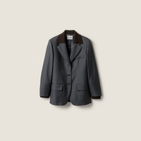 The classic pinstripe pattern is reinterpreted through the lines and details of this jacket, which features a masculine fit and stands out for its iconic embroidered logo and distinctive contrasting knit collar. - Product code: MH2005_174X_F0480_S_OOO - Classic fit - Lined garment - Classic lapel - Front button closure - Flap pockets - Embroidered logo - Imported - The model is 178 cm tall and wears a size 38 Height 73cm Materials Main material: 100% Virgin Wool
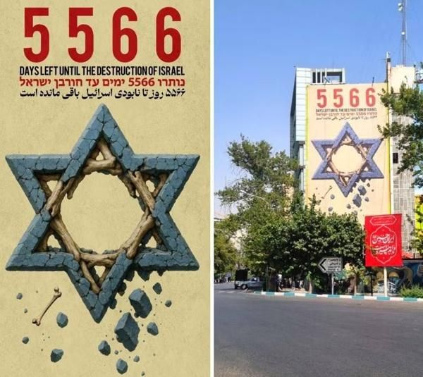 روز شمار جدیدی که در میدان فلسطین نصب شده استنصب روزشمار «نابودی» اسرائیل در میدان فلسطین تهران رسانهها در ایران گزارش دادند روزشمار «نابودی» اسرائیل بر روی دیوارنگاره میدان فلسطین تهران نصب شده است. این روزشمار به جای روزشمار قبلی که در اثر حمله هوایی اسرائیل نابود شده بود، نصب شد.
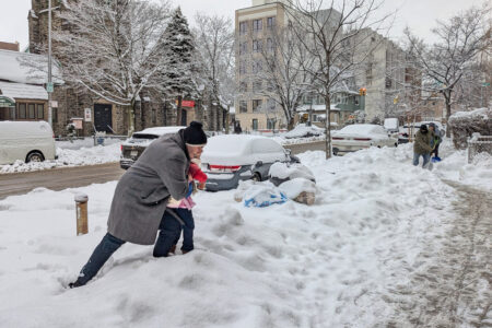 NEW YORK (AP) — Light snow fell over parts of the Northeast on Wednesday as people navigated to work and school after a massive storm that dropped piles of powder on streets and sidewalks from Maryland to Maine.

§

- Your goal -
Write out exactly, with no pictures, each line from the one containing "روز شمار جدیدی" through the last line of the listing above, both included.

- Exercise response -
 روز شمار جدیدی که در میدان فلسطین نصب شده استنصب روزشمار «نابودی» اسرائیل در میدان فلسطین تهران رسانهها در ایران گزارش دادند روزشمار «نابودی» اسرائیل بر روی دیوارنگاره میدان فلسطین تهران نصب شده است. این روزشمار به جای روزشمار قبلی که در اثر حمله هوایی اسرائیل نابود شده بود، نصب شد.
 NEW YORK (AP) — Light snow fell over parts of the Northeast on Wednesday as people navigated to work and school after a massive storm that dropped piles of powder on streets and sidewalks from Maryland to Maine.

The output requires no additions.